• Laith Sharba

Dolphins In Shark Bay Western Australia Have Friendship Relationship Like Humans

scientists from one of the top ten great universities in the United Kingdom University of Bristol had a science project to study one of the cutest and smartest marine animal, they studied the dolphin's relationships and behavior, they chose an amazing place on the plant Shark Bay in Western Australia.

Photo by Pablo Heimplatz on Unsplash

Shark Bay located in the farthest point of the west Australian continent, scientists consider this area as the oldest form of life because it has large seagrass beds it is estimated at 4,800 km2 which is a very rich source of food in the world made it home for many kinds of mammals like Dugong (sea cow) and dolphins the headline of Bristol University study.

Dugong (sea cow) Photo by Kris Mikael Krister on Unsplash

By studying a local society of dolphins in Shark Bay scientists from Bristol University found that dolphins can make close friends could continue for decades with other dolphins based on the same or common interest in this matter dolphins are very similar to humans.

As many mammals lived on the water of Shark Bay the scientists noticed that the indo-pacific bottlenose dolphins observed by marine sponges using it as a tool to find their food and keep going in their life, the dolphins realized that this technique kept them alive so they keen to teach their children and past their knowledge from generation to another to help them find food in deep levels of seawater channels.

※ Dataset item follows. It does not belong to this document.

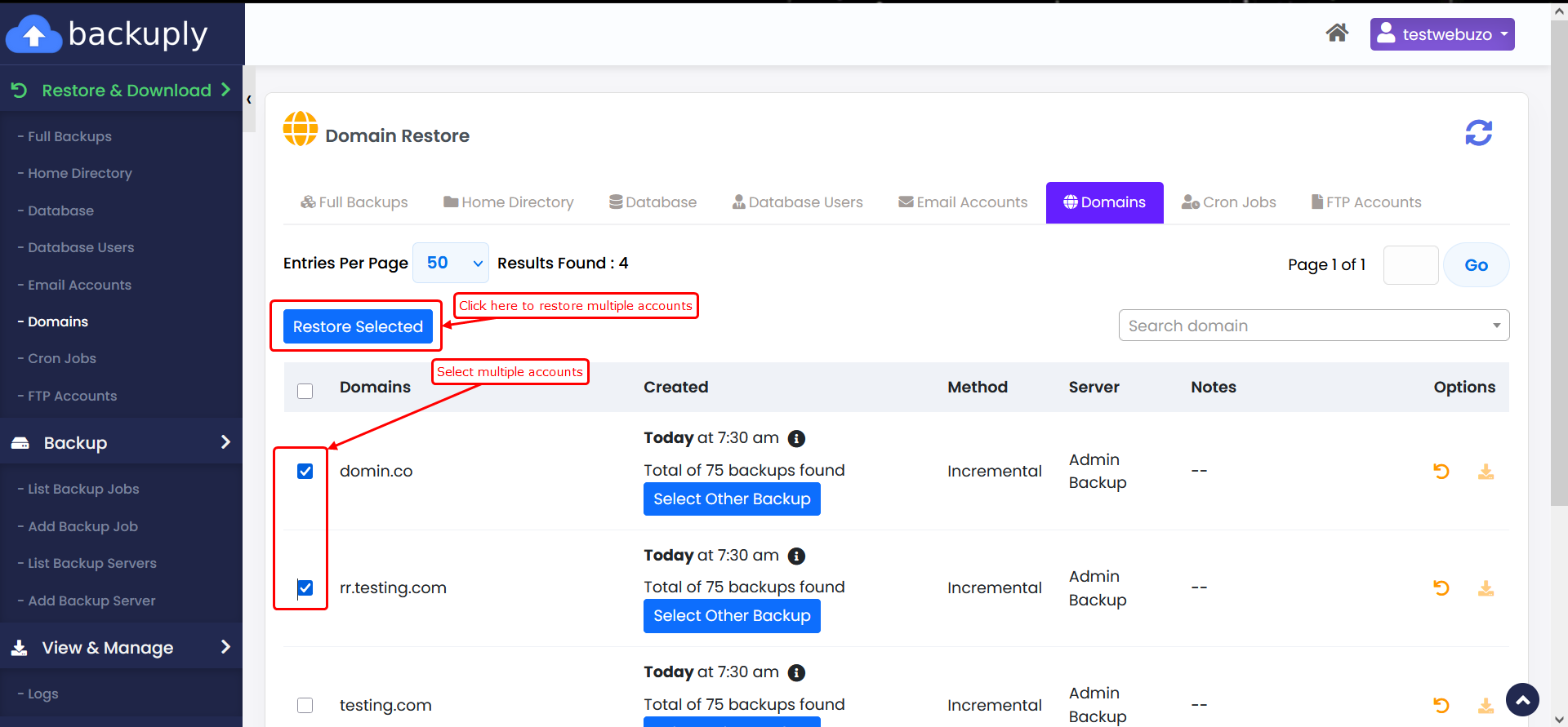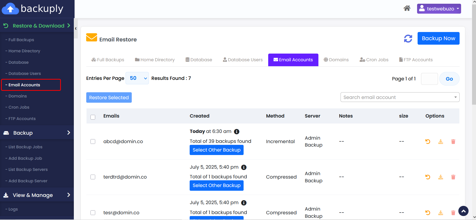 This guide will show how you can restore one or multiple Email Accounts from Backuply Enduser panel.

The dolphins female are well studied and very talented in this technique and they keen to teach little kids how to find their food but the scientists focused on male dolphins in this study.

Photo by Q.U.I on Unsplash

The study started in 2007 to 2015 the scientists collected data from 124 dolphins during the winter seasons in Shark Bay. the data was their behavior and gens and photographic data over the nine years of data collection they had huge data to analyzed and find the results the research team analyzed a sample of dolphins of thirty-seven male thirteen of them were spongers and twenty-four are non-spongers.

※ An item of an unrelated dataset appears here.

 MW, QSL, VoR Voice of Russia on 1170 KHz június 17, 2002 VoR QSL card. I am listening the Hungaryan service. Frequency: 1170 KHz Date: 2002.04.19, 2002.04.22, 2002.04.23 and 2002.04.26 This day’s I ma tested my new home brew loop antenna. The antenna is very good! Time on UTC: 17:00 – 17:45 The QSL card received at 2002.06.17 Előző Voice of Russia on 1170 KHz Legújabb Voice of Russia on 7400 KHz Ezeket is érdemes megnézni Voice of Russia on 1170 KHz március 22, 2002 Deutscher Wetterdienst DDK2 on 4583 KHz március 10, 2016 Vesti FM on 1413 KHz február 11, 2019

The long period of observation by the research time they noticed that the spongers dolphins spend more time with each other looking for the good food sources wile non-spongers don't. sponger dolphin made friends based on a similar interest which find food on the deep water channel and not relatedness or another factor.

According to Senior Research Associate at Bristol University Dr. Simon J Allen this process consumes a lot of time and it is large and individual work so it was long thought discordant with the needs of male dolphins in Shark Bay to invest time in forming close friendships with other dolphins.

A very expert researcher from the University of Zurich | UZH · Institute of Anthropology and Anthropological Museum and lead author of the study Manuela Bizzozzero said that male dolphins sowed us amazing social network system of making alliances with other males. These strong connections between males can remain for decades and are very important to each male's mating success.

We have to say thank you very much for the scientist's team from University Of Bristol and the Unversity Of Zurich for spent such a long time in this study it was about nine years of observation and data collection and gave us this very interest result now we know this smart animal share interest and make friends based on it. we also have to give credit to National Geographic Society which funded the study in cooperation with Australia's Sea World Research and Rescue Foundation Inc (SWRRFI) and Swiss National Science Foundation.